:: Data extract ::
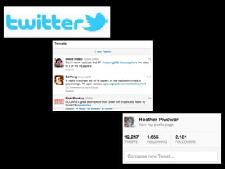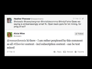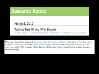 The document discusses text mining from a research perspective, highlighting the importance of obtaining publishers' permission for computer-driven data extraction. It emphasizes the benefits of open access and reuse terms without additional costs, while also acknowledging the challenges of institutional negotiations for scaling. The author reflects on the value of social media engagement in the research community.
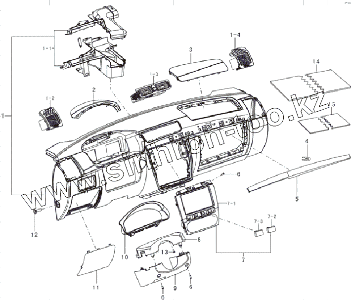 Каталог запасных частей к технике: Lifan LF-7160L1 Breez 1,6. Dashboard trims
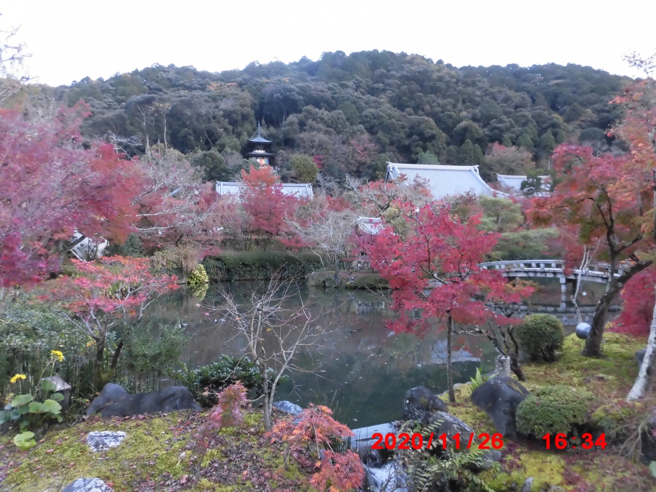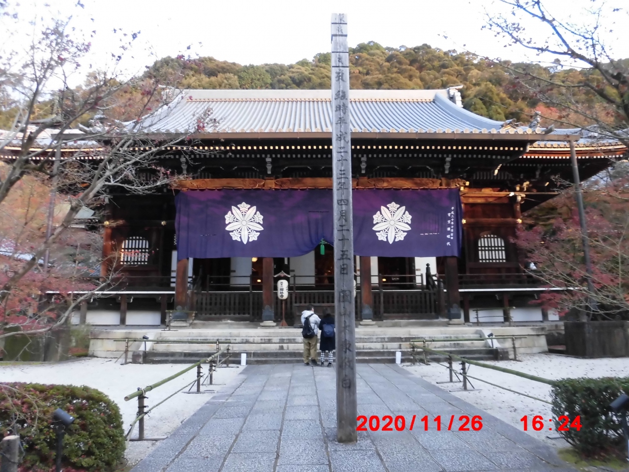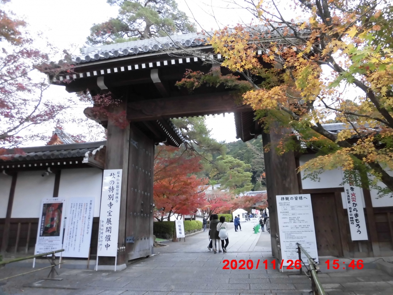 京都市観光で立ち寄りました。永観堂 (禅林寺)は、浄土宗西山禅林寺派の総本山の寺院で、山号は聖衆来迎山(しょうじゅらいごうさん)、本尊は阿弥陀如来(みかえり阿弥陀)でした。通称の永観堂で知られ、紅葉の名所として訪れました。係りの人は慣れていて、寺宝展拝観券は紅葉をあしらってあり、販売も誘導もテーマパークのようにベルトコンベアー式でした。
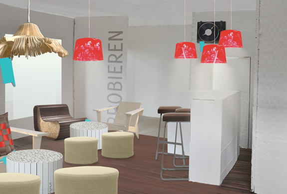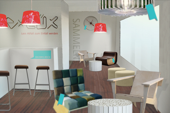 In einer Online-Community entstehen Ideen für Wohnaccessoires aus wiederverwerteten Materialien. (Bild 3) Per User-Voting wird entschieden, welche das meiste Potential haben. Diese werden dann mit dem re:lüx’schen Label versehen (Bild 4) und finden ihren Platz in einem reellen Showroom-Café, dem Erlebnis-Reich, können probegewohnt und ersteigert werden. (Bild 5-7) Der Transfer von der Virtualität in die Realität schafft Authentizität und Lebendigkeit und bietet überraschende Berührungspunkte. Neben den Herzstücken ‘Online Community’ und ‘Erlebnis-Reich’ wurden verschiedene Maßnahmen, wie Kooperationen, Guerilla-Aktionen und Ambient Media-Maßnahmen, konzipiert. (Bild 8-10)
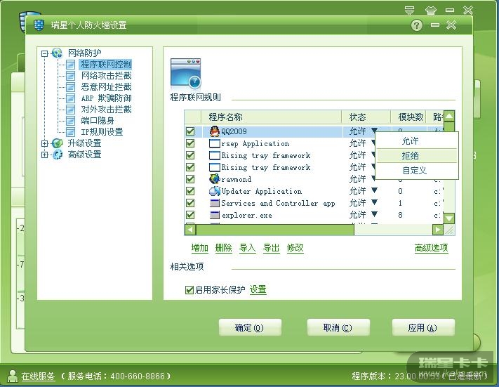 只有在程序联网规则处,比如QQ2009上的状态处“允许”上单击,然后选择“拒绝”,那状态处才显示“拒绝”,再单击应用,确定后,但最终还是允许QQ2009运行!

:: Action item ::
In the entries above, find the line containing "In einer Online-Community", then please retype it and every line after it through the last, exactly as written, omitting pictures.

:: Task result ::
 In einer Online-Community entstehen Ideen für Wohnaccessoires aus wiederverwerteten Materialien. (Bild 3) Per User-Voting wird entschieden, welche das meiste Potential haben. Diese werden dann mit dem re:lüx’schen Label versehen (Bild 4) und finden ihren Platz in einem reellen Showroom-Café, dem Erlebnis-Reich, können probegewohnt und ersteigert werden. (Bild 5-7) Der Transfer von der Virtualität in die Realität schafft Authentizität und Lebendigkeit und bietet überraschende Berührungspunkte. Neben den Herzstücken ‘Online Community’ und ‘Erlebnis-Reich’ wurden verschiedene Maßnahmen, wie Kooperationen, Guerilla-Aktionen und Ambient Media-Maßnahmen, konzipiert. (Bild 8-10)
 只有在程序联网规则处,比如QQ2009上的状态处“允许”上单击,然后选择“拒绝”,那状态处才显示“拒绝”,再单击应用,确定后,但最终还是允许QQ2009运行!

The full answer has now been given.